SPI.transfer(B01001000);
ident_reg_contents = SPI.transfer(B00000000);


Certainly that's how this page is implying to do so - http://www.breitband-lambda.de/pages/lambda---english/controlling-the-cj125.php?lang=EN

The 'Read Access' bit of the datasheet shows that too, send the address - then send 8 dummy bits, and the return of each dummy bit is the corresponding register entry, MSB first.

Perhaps i'm missing something fundamental? Do you mean my methodology is wrong, or my syntax to save the returned data is wrong? If it's of any help, I have no compiler errors at all.

Many thanks so far!

Nick Gammon

Code: [Select]

SPI.transfer(B01001000);


How about:

Code: [Select]

SPI.transfer(0x48);


That's easier to read, and matches the spec.

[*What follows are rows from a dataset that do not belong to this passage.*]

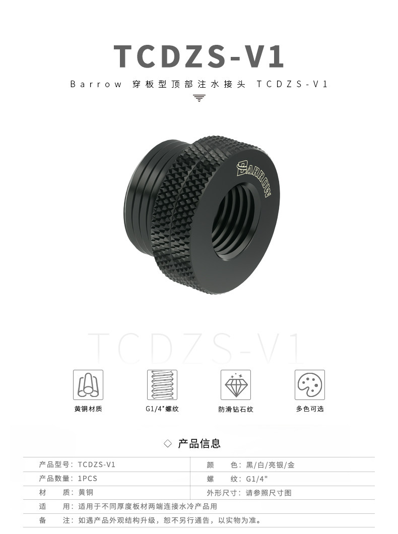 Barrow G1/4" 黑/亮银/白/金 穿板型顶部注水接头 TCDZS-V1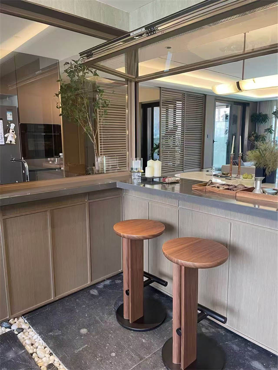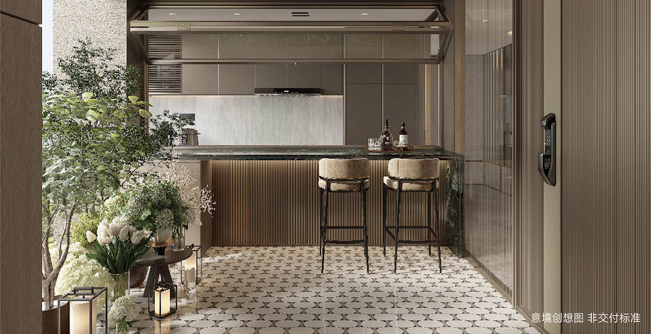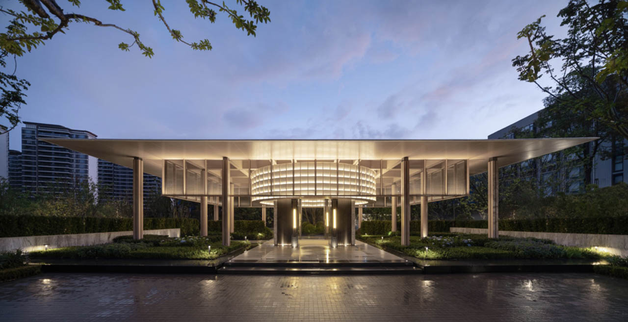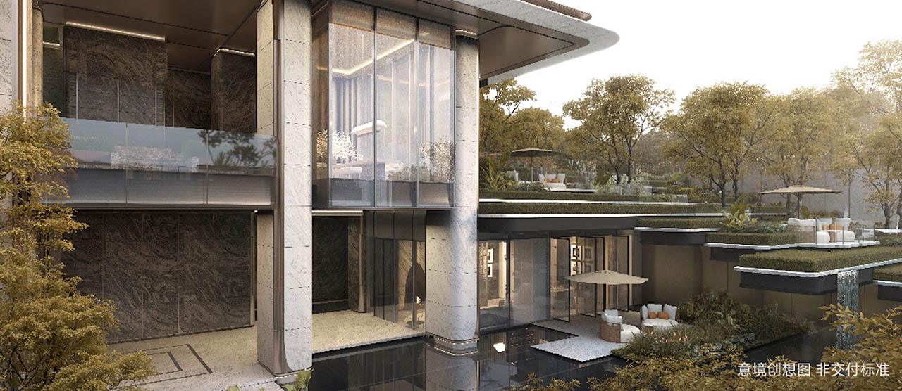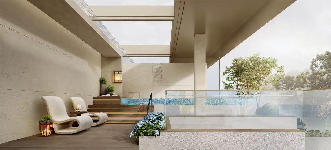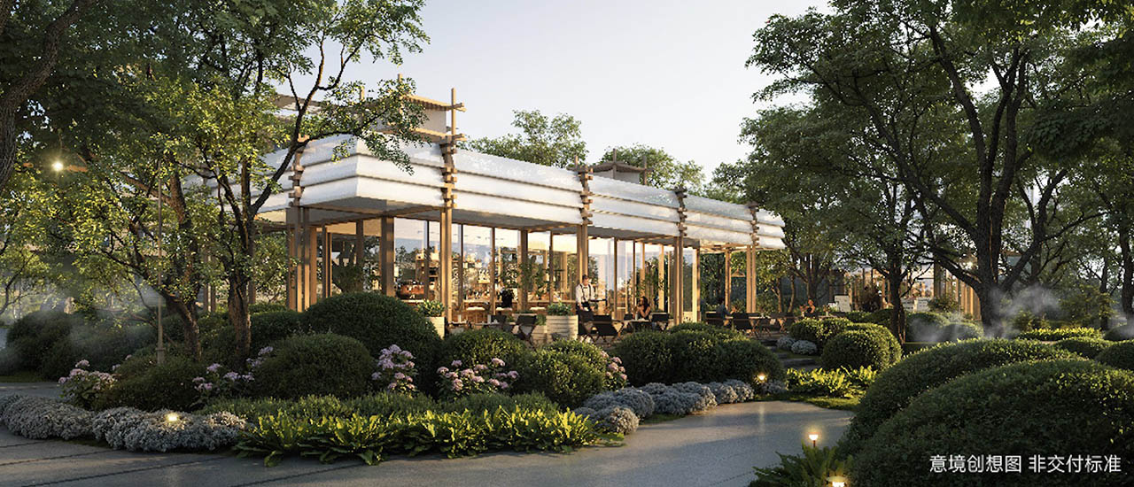 创造性的对市政公园进行深度改造,将城市公园改造为“社区外归家系统”,营造归屿前厅、峡谷花园、归屿内庭三大花园景观,为业主营造从繁城归来的多元转场,由此步入隐于繁华的避世之境,车马院花园,门头构筑充满了标识感,场域气质扑面而来。
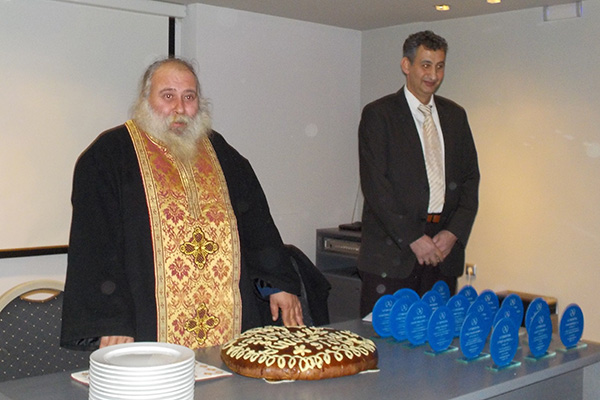 Ο πρόεδρος του Συλλόγου Τερζιάδης Γεώργιος αφού ο Πανοσιολογιότατος κ.κ. Γαβριήλ ευλόγησε κι έκοψε τη βασιλόπιτα του Συλλόγου ευχήθηκε σε όλους υγεία και ένα ευτυχές και δημιουργικό έτος. Στην ομιλία του μεταξύ άλλων ανέφερε ότι: « … θα πρέπει όλοι να συσπειρωθούμε γύρω από το Σύλλογό μας και να αγωνιστούμε, γιατί μόνο μέσα από την ενότητα και τη συλλογική δράση μπορούμε να πετύχουμε την επίλυση των καυτών προβλημάτων της Παιδείας…»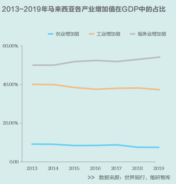 產業(yè)結構方面,作為曾經的“亞洲四小虎”之一,馬來西亞第三產業(yè)占GDP比重較高。2013~2019年,農業(yè)增加值在GDP中的占比由9.11%降至7.26%,工業(yè)增加值在GDP中的占比從39.89%降至37.40%,服務業(yè)增加值在GDP中的占比從49.94%升至54.21%。

Their page seems to suggest the data is in 16-bit lots:



So without the device to hand it is hard to be sure. You could try the 16-bit approach:

Code: [Select]

SPI.transfer(0);  // MS byte
SPI.transfer(0x48);  // LS byte

byte result1 = SPI.transfer(0);
byte result2 = SPI.transfer(0);


And then try printing those.

jtw11

I went over to binary to make dealing with setting individual bits on or off, as I can simply line them up with their graphical display in the datasheet. On that note, may one mix hex & binary in the same code?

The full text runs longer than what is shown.